I have a Mossberg 835 that I use for shooting skeet. It's about all I can use it for being it's built as a turkey gun and is way too long for a HD gun. 

It's funny because I went looking to change it around and make it into a HD gun but the 835 is next to impossible to find parts for if HD is your goal so I was looking at getting a 500.

I understand you wanting to shoot clays. It sure is a lot of fun!


----------



## kev74 (Mar 22, 2008)

If you keep an eye on Ebay and Gunbroker, you'll see a lot of cheap stocks to choose from. The price of a new barrel is going to make you want to just buy a new shotgun though. But if you keep looking, you might get lucky.


----------



## DJ Niner (Oct 3, 2006)

Around my neck-o-the-woods, I could find 5 different used-but-slightly-beat-up Mossbergs in the used gun racks or pawnshops that would sell for $200 or less. Some would have the screw-in chokes, but most would be the older fixed-choke models.

Shop around, and if you have the money and are truly ready to buy, if you see one marked $250 or less, offer them $200 and see if they bite.


----------



## tekhead1219 (May 16, 2008)

jimmy said:


> Hi ALL:...I want to get in this clay shooting again but I don't want to buy a new dedicated shotgun. I have a mooseberg 500 (pump action) with a 20 in barrel and 6+1 ma. The problem is that
> 1. it has a pistol stock
> 2. the 20 in barrel is not threaded and doesn't receive chokes
> 
> ...


With a pistol stock and a 20" bbl, looks like you need to get another shotgun. If you decide to do so, I recommend for skeet a 28" modified choke bbl. Get another Mossberg 500 (as long as you're not going to get serious into this skeet thing) and you have interchangeable parts. I've only shot skeet once or twice, but at one time was a serious trap shooter. Lot's of great fun disintegrating those clay birds.:mrgreen:


----------



## jimmy (Feb 3, 2009)

Thanks to all for the input...After a thorough search on the internet for a butt stock and a barrel, the least expensive price for both was around $170 for the barrel and around $35 for the stock..So I decided to look locally for a used gun.. I checked at the first shop that is close to my work, and to my surprise, the owner had a 28" barrel with 3 chokes that no body was interested in and he wanted to sell it for a discount..I got it for $100..I then ordered the stock online and I just got it today..As I am writing this reply, my mooseberg now has a butt stock and a 28" in barrel with a bead sight and ventilated rib..It looks so cool..Tomorrow Saturday I am going to shoot some clay birds...Here I come..

My strategy is to switch the barrels after I come from the shootout and clean the barrel.

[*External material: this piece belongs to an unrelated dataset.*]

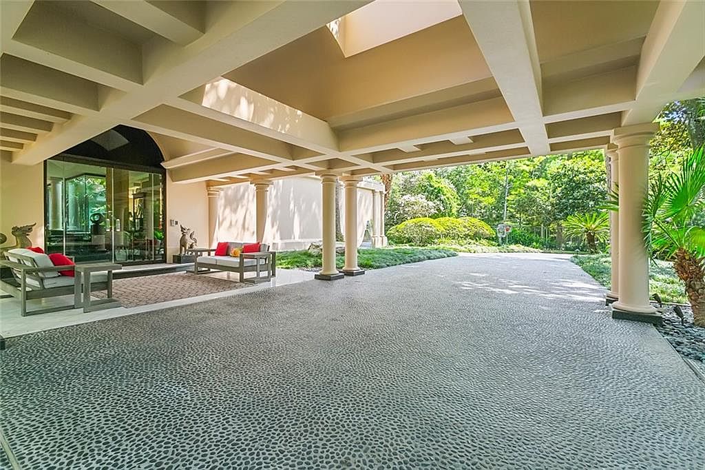 A spacious covered patio welcomes guests with its open layout, high coffered ceiling, and elegant columns. Natural light floods the area through wide skylights, enhancing the soft beige palette and subtle architectural detailing. Comfortable, family-friendly seating areas with contemporary outdoor furniture and pops of color from red and yellow accent pillows make this space inviting for gatherings or quiet relaxation. The textured stone flooring is both stylish and practical for all ages, while large glass doors connect the inside to verdant gardens. Mature landscaping and lush greenery frame the entrance, providing privacy and a serene atmosphere for everyone to enjoy.

By the way, it is so easy to swithch barrels, one mag screw and that's all what it takes.


----------



## DJ Niner (Oct 3, 2006)

Great deal on the barrel! :smt023

Sounds like you're ready to rock!


----------



## jimmy (Feb 3, 2009)

Well..Here is my clay shooting report..I went to the clay shooting club armed with my mooseberg 500 with the new 28" barrel with a modified choke..The club I went to have trap shooting. They offer 25 clay birds in 5 stations (5 clay birds at each station), and the rule is that one is allowed only one shot in the rifle when the shooter is ready to call for a "pull"..So thank god I didn't get over excited and bought a semi auto shotgun because I wouldn't be able to put more than one shot in it..So the mooseberg pump action with the new longer choked barrel was just fine..Now the gun performed really above and beyond expectations..Given my very very limited skills, I got about 10 or 12 clays out of 25..I wasn't focused on counting, the guy who was pulling the clay birds for me told me so. In general I was not aiming at the clays I was point my gun at them as they fly out of the trap..I had a friend with me and he shot a round after me with my gun..We both went for a second round and it was so much fun..It is a different experience but very satisfying..probably i will keep doing this every once in a while, it is very affordable, the ammo costs around $6 for 25 rds and the club charges $4 for a full serviced pull of 25 clays..So basically it is $10 per a round of 25 clays..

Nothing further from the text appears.